Reproduce exactly the lines below, from the first one through the line containing "中共中央总书记、国家主席、中", and omit any pictures.

(Extracted records)
━━━━━━

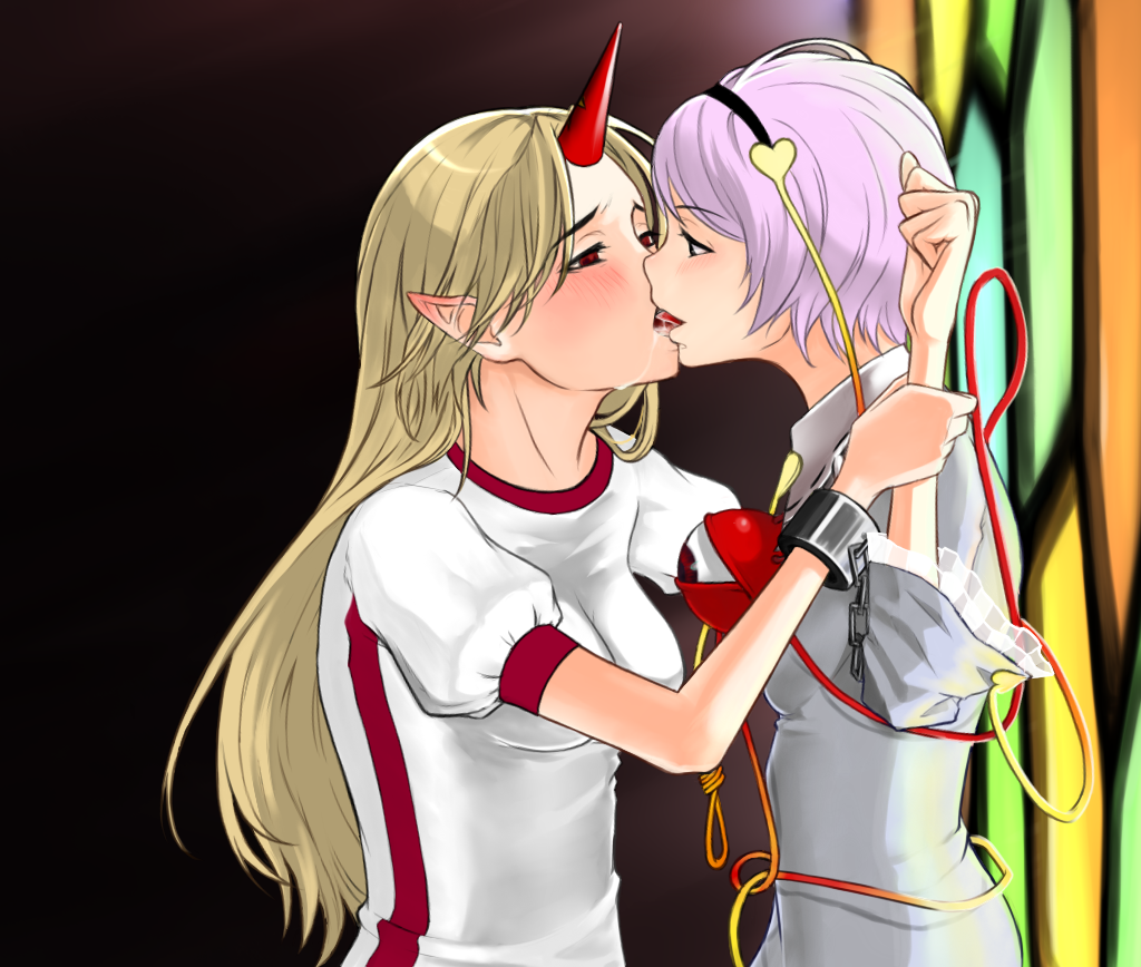 2girlsarm upblonde hairblushbreastsfemale focusfrench kisshornskissmultiple girlspointy earspurple eyespurple hairred eyessalivasingle hornstained glassyuri
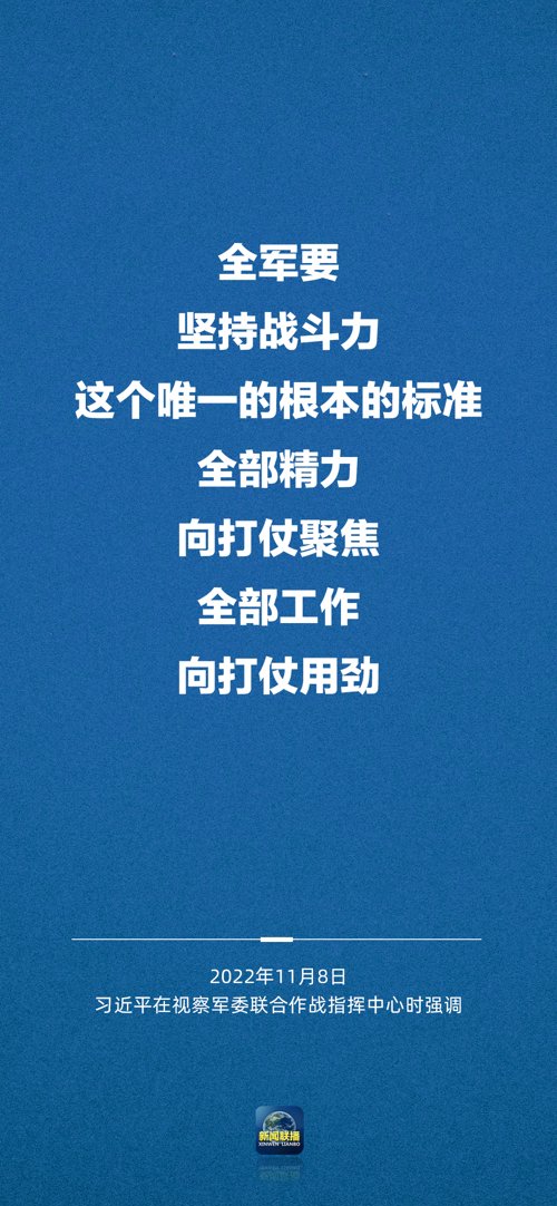 中共中央总书记、国家主席、中央军委主席、军委联指总指挥习近平8日视察军委联合作战指挥中心,表明新一届军委贯彻落实党的二十大精神、全面加强练兵备战的鲜明态度。他强调,全军要全部精力向打仗聚焦,全部工作向打仗用劲,加快提高打赢能力,有效履行新时代我军使命任务。
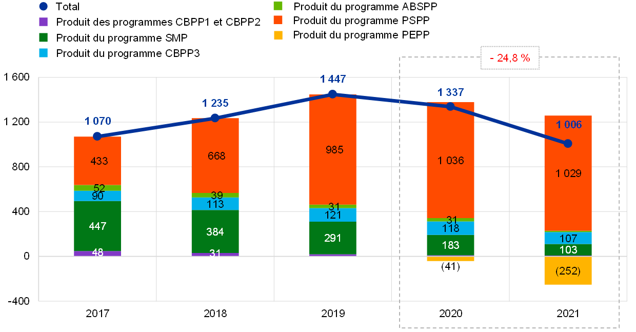 En 2021, les titres détenus à des fins de politique monétaire ont été à l’origine de 64 % des produits nets d’intérêts de la BCE.
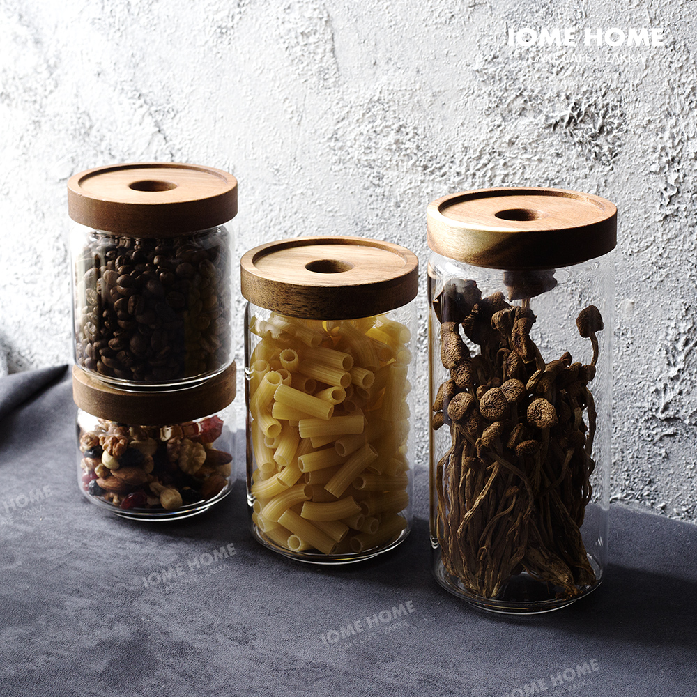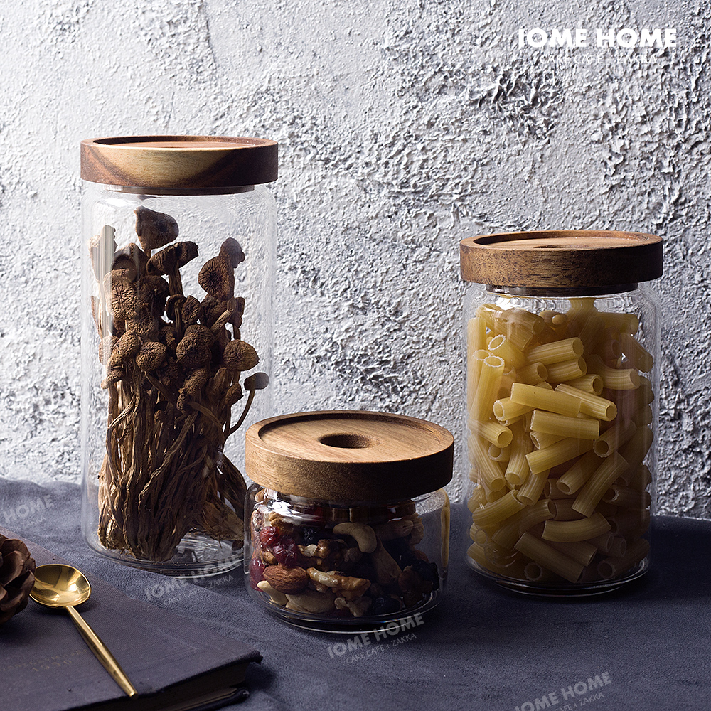 Retro Food Grade Glass Coffee Tea Seal Pot Sywood Lid Miscellaneous Cereals Spaghetti Storage Storage Tank
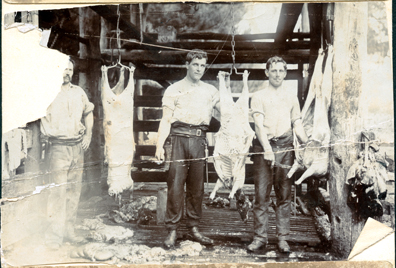 DESCRIPTIONThis image shows a shed made of rough timber with three men standing facing the camera with an animal carcass hanging from hooks between each man. The man on the left-hand side of the photograph is standing with hand on hip and part of his face and shoulder has been torn away. All men have shirt sleeves rolled up and are wearing wide leather belts with ‘knife holsters’ attached. The man on the right-hand side has a cigarette in his mouth. Trees can be seen in the background.
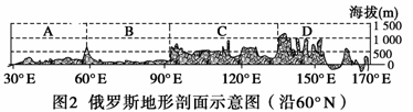 41.读“俄罗斯地理简图”及“地形剖面图”,回答问题。(14分)
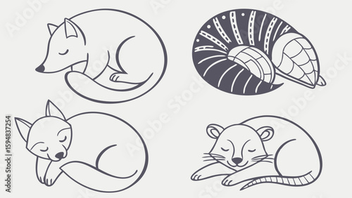 Adorable sleeping animals vector illustrations set. Minimalist line art of curled up fox, cat, armadillo, and mouse for cute, calm, and peaceful design projects.

━━━━━━

» Response below
 2girlsarm upblonde hairblushbreastsfemale focusfrench kisshornskissmultiple girlspointy earspurple eyespurple hairred eyessalivasingle hornstained glassyuri
 中共中央总书记、国家主席、中央军委主席、军委联指总指挥习近平8日视察军委联合作战指挥中心,表明新一届军委贯彻落实党的二十大精神、全面加强练兵备战的鲜明态度。他强调,全军要全部精力向打仗聚焦,全部工作向打仗用劲,加快提高打赢能力,有效履行新时代我军使命任务。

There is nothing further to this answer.